Problem to solve: From the records below, please print only the lines from the one containing "Parking des Pins" through the one containing "地點：傘架聚落建築區(1)第二特展室", both included. Skip the pictures.

#### Study material ####

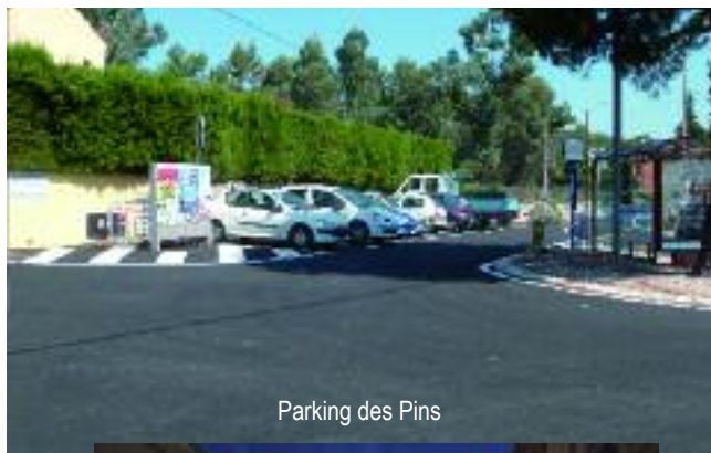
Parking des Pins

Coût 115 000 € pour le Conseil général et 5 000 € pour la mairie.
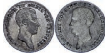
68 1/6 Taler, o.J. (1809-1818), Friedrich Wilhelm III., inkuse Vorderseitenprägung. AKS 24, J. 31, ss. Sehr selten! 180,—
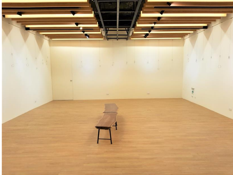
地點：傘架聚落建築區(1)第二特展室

####
#### Study material ####

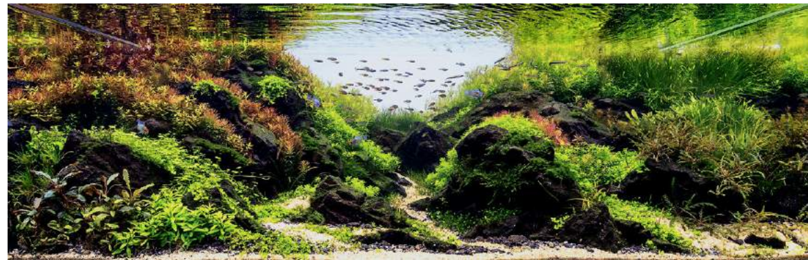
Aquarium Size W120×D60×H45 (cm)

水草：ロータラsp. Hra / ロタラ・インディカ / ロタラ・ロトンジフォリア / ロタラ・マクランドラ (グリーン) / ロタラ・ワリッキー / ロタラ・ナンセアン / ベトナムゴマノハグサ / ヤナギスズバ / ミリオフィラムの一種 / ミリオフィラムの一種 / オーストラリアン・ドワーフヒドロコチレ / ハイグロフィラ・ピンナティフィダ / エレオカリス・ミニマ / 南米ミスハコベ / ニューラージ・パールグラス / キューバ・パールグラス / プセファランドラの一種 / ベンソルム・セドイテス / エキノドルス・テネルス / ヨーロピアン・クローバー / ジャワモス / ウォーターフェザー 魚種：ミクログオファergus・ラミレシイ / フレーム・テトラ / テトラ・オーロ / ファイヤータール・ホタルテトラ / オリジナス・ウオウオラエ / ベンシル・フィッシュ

####

Exercise output:
Parking des Pins

Coût 115 000 € pour le Conseil général et 5 000 € pour la mairie.
68 1/6 Taler, o.J. (1809-1818), Friedrich Wilhelm III., inkuse Vorderseitenprägung. AKS 24, J. 31, ss. Sehr selten! 180,—
地點：傘架聚落建築區(1)第二特展室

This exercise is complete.